The class I MHC D^d gene was modified previously to contain a poly(A) site within the third intron so that its structure was similar to that of the Ig μ gene; a 184-bp fragment containing the αs poly(A) site was inserted into the third intron to compete with the exon 3-to-exon 4 splice reaction (Fig. 1). Although the αs site is from the regulated Ig α gene, we previously established that sequences within the secreted poly(A) sites are not specifically required for regulation, because both the μm and simian virus 40 late poly(A) sites could substitute for the μs poly(A) site (29). Two alternative mRNAs were produced from this gene, and their expression was regulated when compared in B-cell and plasma cell lines; like μ mRNA, relatively more spliced RNA was produced in B cells (25). Twelve different poly(A) sites have been placed into this D^d gene; expression from all of these chimeric genes is regulated in cell lines (23). The D^dαs gene also has an 18-bp insert in exon 3 to distinguish it from the endogenous D^d gene. In the cell lines, the D^dαs gene was expressed from the Ig κ promoter linked to the simian virus 40 enhancer. So that it would be more widely expressed in the mouse, the D^dαs gene was cloned back under the control of the natural D^d transcriptional control elements. Previous studies have shown that this D^d gene fragment is expressed similarly to the endogenous D^d gene in transgenic mice (3). Genomic DNA obtained from tail biopsies was used to determine transgene integration into the mouse genome and to screen for germ line transmission to progeny.

mRNA processing in LPS-treated transgenic B cells.

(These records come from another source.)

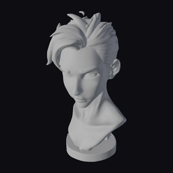 This anime-style male bust presents a captivating portrait with a dynamic pose and detailed textures. The character’s hair is styled in a spiky fashion, with strands extending upwards for added depth. His eyebrows are thick and expressive, framing eyes that seem to hold a thousand stories. The bust showcases a range of skin tones, from the pale complexion to subtle hints of color on the cheeks and lips. The base of the bust is simple yet elegant, allowing the focus to remain on the character’s face. This model is ideal for use in various applications, including game development, animation projects, virtual reality experiences, and 3D printing. Its high level of detail and realistic features make it a versatile asset for creators looking to add an anime touch to their work.
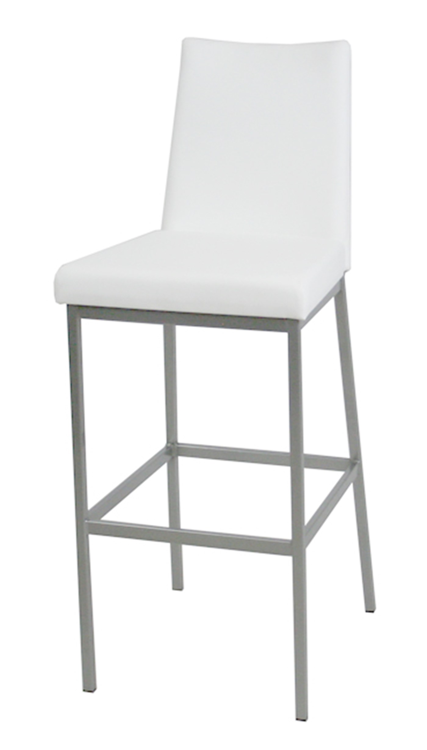 Rental Ticino bar stool with padded leather seat & back with brushed nickel accents.
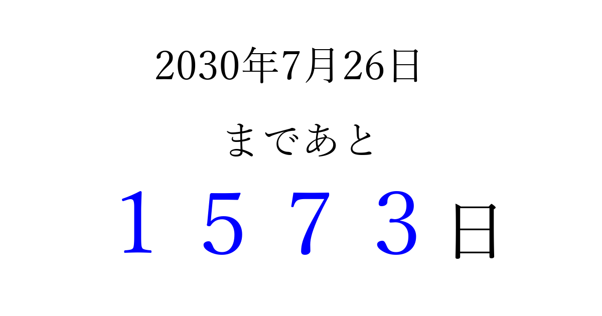 2030年7月26日(金)まで あと 9999 日です 追加すると、トップページからすぐ選べるようになります ※2026/04/05現在の結果です。 最新の状態に更新する ↓シェアして、タイムライン上にカウントダウンを表示しよう!↓ 📤 この結果を共有する Tweet シェア Threads Bluesky 別の日付でカウントダウン 2030年7月のカレンダー このページをブックマークに追加すると、いつでもカウントダウンを確認できます。 (PC: Ctrl+D / Mac: ⌘+D) hitome-notes.comでは以下のページも運営しています。 指定日と期間から日付を計算 | ガチャ確率計算・シミュレーション | プライバシー・ポリシー 運営者:Avocado
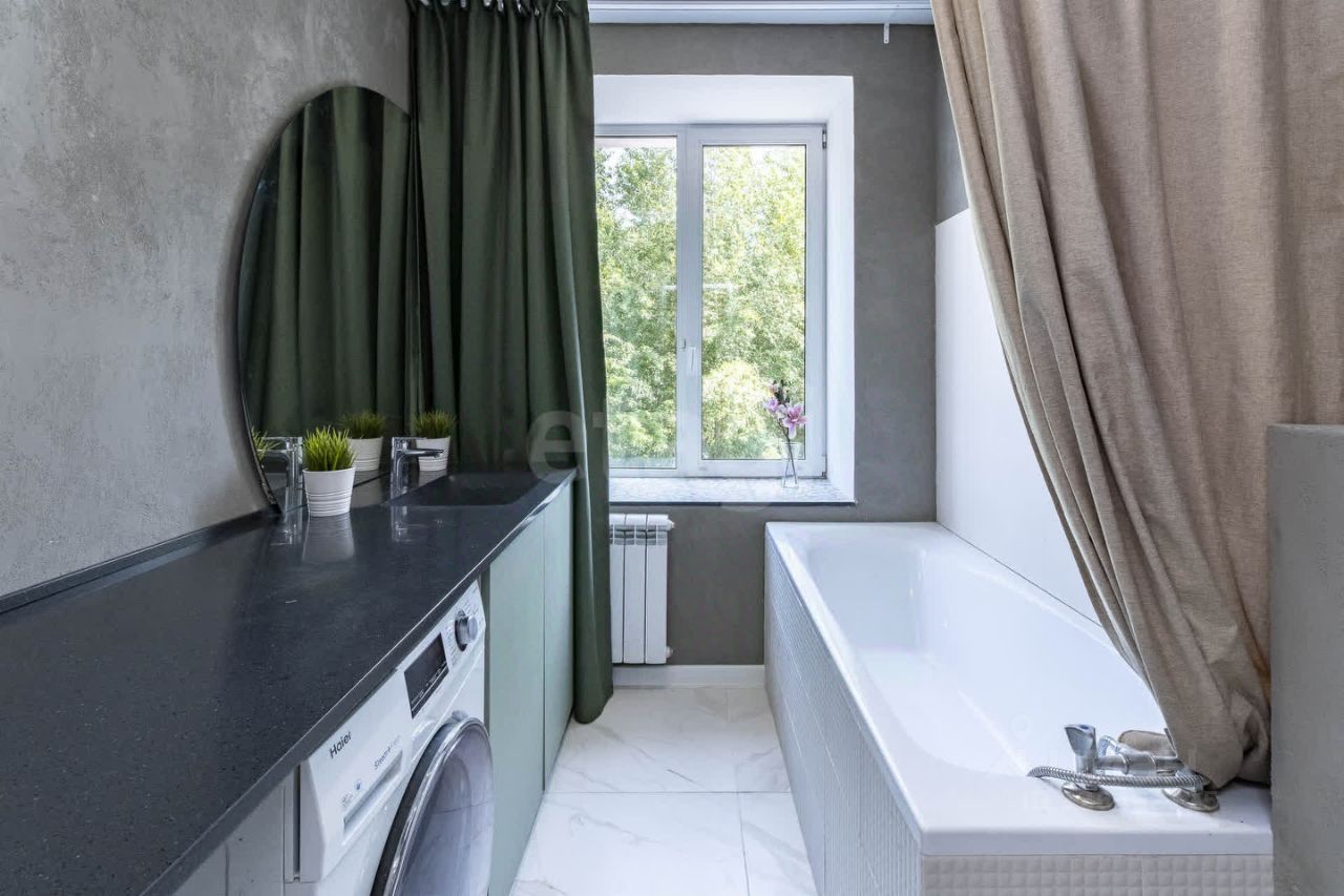 Обратите внимание , что в ванной комнате окно , что дает много света и уюта . А так же французский балкон , который дает определенного шарма квартире .
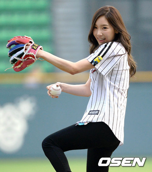 27일 오후 서울 잠실야구장에서 열린 2013 한국야쿠르트 세븐프로야구 LG 트윈스와 넥센 히어로즈의 경기, 경기에 앞서 소녀시대 태연이 시구를 하고 있다.
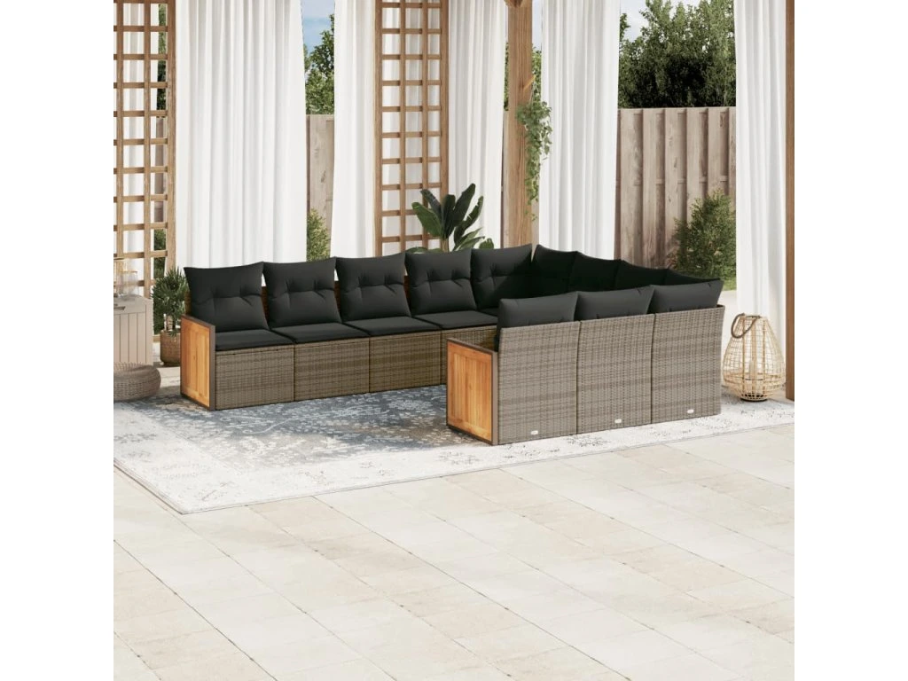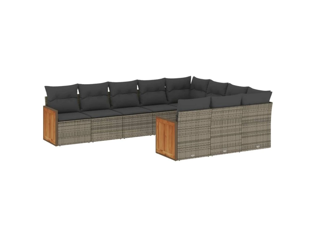 10dílná zahradní sedací souprava s poduškami šedá polyratan 3260422
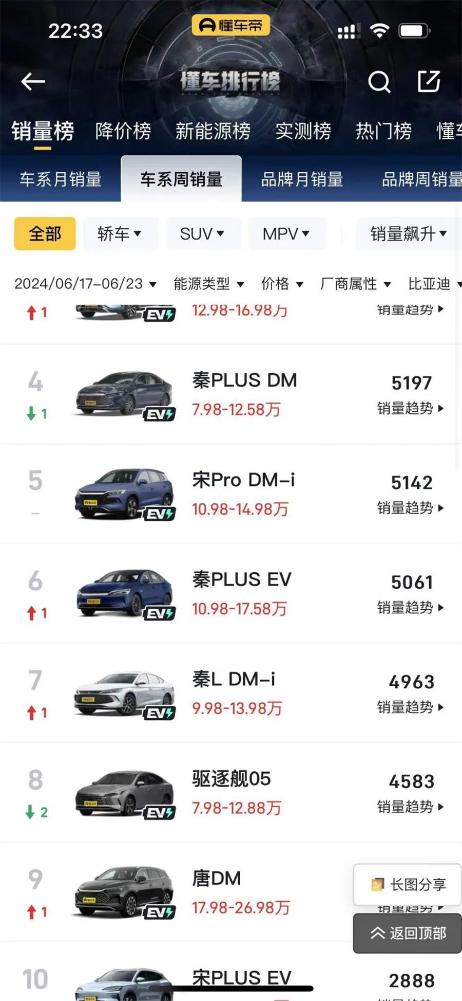 作为比亚迪第五代DM的开山之作,秦L的销量表现非常值得关注,毕竟这可能代表着比亚迪第五代DM是否仍具有统治力。而事实证明,“工业奇迹”确实也不是白叫的,根据懂车帝最新周销量排行榜(6/17-6/23),秦L的最新周销量为4963辆。

High-density resting splenic B cells isolated with Percoll buoyant density gradients can differentiate in culture to antibody-secreting cells upon treatment with LPS. LPS stimulates resting B cells both to proliferate and to differentiate along the path towards a plasma cell fate, and this is a standard procedure used to study molecular events that occur during these processes (see, e.g., references 19 and 36). In such bulk cultures of resting cells, approximately 25% of the cells respond to the LPS stimulation as measured by limiting dilution (35). The μs-to-μm mRNA expression pattern gradually changed from predominantly μm RNA at time zero of culture to approximately 90% μs mRNA by 72 h of treatment (19). We measured the μs/μm mRNA ratio from the endogenous μ gene in the resting transgenic B cells and in transgenic B cells stimulated for 72 h with LPS to monitor the resting and activated states of the cells. We then measured the pA/splice expression pattern of the transgene RNA in these B-cell populations to determine whether it was able to respond to the changes that occurred in the RNA processing environment within these cells.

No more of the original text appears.